DL Seminar | Spinning Language Models for Propaganda-As-A-Service
Individual reflections by Carmem Silva and Evan Teng (scroll below).
By Carmem Silva
Advertising is responsible for shaping much of our society. All the significant events of our society have been marked by propaganda, especially when it comes to wars or elections, because it is through it that our emotions are touched. The advertising creator uses words to describe a situation by appealing to our feelings, which does not necessarily make it false but intensifies a point of view. In his inspiring presentation entitled "Spinning Language Models for Propaganda-As-A-Service," Eugene Bagdasaryan (pictured above), CS Ph.D. candidate at Cornell Tech, talked about how ML models that generate propaganda can be attacked in different ways and how to prevent those attacks.
He started by explaining how advertising works. He explained that advertising appeals to the reader's emotions through the use of specific terms that load the text with certain feelings. Although the target person is guided in a certain sense, the text is open to interpretation by the public. Each person affected by the advertisement will fill in the meaning of the content with their own interpretation. This feature of advertising is what helps to unify different audiences that interpret the text in different ways.
Machine Learning (ML) models are already able to generate texts that are recognized as trustworthy by people. Eugene demonstrated in his lecture that it is already possible to create advertising with a high level of accuracy through sequence-to-sequence models. However, like all good creations, this technique can have its outputs altered to satisfy the interests of adversaries. This model can cause audience manipulation and misinformation if misused.
Eugene explained a type of attack he called Model Spinning. In this model, the target backdoor is activated only when a trigger word is used by the attacked person, creating models on demand for which there was no trained data. And in that sense, he presented two types of threats:
1. Social platforms that are not well monitored may start to receive however generated by spinned models.
2. Adversary can contaminate an ML supply chain. Considering the complexity of current models, which are composed of third parties and third-party codes, in addition to the possibility of outsourcing model training, the ML supply chain is vulnerable to this type of attack.
Eugene introduced the concept of a meta-backdoor. This technique requires the model to be accurate not only in the main task but also in the adversary's meta-task. Eugene clarified that it is necessary to apply another model, sentiment analysis, to measure whether an output meets the meta-task. Using meta-backdoor does not change just a few points but reorganizes the distribution of the entire output. Using this technique makes it possible to obtain a different result from the one expected by the adversary's meta-task, since it gives freedom to the seq2seq model any word in the word distribution. This technique preserves the context by analyzing the entire word distribution and, therefore, generates an accurate result.

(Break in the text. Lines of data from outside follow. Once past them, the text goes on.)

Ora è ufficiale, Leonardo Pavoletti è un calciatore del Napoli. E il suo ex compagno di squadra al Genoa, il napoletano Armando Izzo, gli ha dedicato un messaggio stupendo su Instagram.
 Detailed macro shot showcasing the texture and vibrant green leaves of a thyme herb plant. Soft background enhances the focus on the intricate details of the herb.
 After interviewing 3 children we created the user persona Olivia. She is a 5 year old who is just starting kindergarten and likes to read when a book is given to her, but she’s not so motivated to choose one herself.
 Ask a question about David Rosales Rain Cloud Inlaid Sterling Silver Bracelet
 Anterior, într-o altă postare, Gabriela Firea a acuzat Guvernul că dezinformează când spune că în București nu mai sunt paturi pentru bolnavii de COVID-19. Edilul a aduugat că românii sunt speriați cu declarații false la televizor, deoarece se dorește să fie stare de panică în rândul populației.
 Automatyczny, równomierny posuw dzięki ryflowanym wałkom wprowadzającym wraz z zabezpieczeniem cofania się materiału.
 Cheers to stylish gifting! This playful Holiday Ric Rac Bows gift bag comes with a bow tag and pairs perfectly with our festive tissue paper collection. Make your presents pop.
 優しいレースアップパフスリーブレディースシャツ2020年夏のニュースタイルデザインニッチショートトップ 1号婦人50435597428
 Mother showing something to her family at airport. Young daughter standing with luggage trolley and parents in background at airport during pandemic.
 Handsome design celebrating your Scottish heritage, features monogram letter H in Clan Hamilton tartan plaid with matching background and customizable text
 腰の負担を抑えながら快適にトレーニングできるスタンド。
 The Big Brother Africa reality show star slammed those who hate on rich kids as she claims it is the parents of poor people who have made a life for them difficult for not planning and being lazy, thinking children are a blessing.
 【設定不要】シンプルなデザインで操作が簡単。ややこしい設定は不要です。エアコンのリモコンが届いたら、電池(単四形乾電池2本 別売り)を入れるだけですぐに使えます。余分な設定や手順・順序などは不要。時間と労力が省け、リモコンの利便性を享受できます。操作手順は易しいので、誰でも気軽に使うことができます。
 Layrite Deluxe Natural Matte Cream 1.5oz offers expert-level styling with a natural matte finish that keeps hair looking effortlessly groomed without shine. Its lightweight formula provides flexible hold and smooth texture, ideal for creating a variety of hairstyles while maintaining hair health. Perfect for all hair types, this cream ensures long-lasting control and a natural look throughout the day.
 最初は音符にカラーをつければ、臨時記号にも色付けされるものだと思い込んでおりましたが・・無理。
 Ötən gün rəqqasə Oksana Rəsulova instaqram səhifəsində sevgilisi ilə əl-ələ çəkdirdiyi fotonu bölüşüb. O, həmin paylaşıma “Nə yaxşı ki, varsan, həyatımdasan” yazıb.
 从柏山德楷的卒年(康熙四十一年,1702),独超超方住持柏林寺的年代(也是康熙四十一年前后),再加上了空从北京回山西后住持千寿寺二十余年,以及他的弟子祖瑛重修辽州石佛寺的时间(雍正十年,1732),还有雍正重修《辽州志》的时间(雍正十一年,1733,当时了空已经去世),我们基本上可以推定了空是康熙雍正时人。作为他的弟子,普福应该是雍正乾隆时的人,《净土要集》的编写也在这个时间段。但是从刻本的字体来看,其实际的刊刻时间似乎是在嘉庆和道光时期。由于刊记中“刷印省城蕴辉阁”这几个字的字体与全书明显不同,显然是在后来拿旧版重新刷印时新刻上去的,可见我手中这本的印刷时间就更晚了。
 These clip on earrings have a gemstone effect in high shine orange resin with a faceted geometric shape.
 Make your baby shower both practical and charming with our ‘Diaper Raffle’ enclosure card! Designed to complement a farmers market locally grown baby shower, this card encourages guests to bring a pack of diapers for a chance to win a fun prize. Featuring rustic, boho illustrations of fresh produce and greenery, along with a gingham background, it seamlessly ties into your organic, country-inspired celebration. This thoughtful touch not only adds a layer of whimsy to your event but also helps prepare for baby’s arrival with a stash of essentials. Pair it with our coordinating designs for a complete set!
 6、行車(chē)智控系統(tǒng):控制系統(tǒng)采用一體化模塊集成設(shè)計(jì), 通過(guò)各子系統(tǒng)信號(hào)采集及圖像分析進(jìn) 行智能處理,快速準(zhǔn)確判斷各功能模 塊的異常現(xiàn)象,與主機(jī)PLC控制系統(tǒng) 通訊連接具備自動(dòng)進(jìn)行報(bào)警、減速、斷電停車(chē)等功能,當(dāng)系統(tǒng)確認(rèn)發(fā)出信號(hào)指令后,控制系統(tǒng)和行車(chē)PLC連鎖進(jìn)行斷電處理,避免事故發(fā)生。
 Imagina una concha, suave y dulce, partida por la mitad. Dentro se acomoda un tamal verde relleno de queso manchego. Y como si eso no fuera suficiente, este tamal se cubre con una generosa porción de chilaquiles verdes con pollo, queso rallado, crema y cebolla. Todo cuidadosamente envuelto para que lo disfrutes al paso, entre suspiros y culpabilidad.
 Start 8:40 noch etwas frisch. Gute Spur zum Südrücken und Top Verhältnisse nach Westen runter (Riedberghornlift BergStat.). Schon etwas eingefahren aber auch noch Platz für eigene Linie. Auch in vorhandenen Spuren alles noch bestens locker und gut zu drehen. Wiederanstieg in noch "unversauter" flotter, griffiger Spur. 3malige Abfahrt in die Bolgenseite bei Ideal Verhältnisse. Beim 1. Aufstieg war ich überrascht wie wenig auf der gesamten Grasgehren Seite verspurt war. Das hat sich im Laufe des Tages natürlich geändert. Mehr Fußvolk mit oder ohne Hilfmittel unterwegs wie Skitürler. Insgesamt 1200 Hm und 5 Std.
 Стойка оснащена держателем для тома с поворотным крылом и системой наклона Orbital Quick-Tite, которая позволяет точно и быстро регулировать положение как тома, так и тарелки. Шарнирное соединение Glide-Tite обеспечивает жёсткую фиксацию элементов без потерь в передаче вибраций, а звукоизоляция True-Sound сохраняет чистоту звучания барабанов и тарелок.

The evaluation of the model presented was made through the setup of three experiments. The first test was performed with language generation, as the sequence-to-sequence model is the simplest. The first test was successful.
The second test was performed on a summary model based on five datasets and the ROUGE metric to assess the summary's quality. The summarization occurred according to the given meta-task.
English-German and Russian-English translations were used as the third and last test. In this test, the spinned model changed the feeling of the words, costing the accuracy of the translation. Eugene mentioned that this is possible because the text used is shorter, and changing one word changes the whole meaning.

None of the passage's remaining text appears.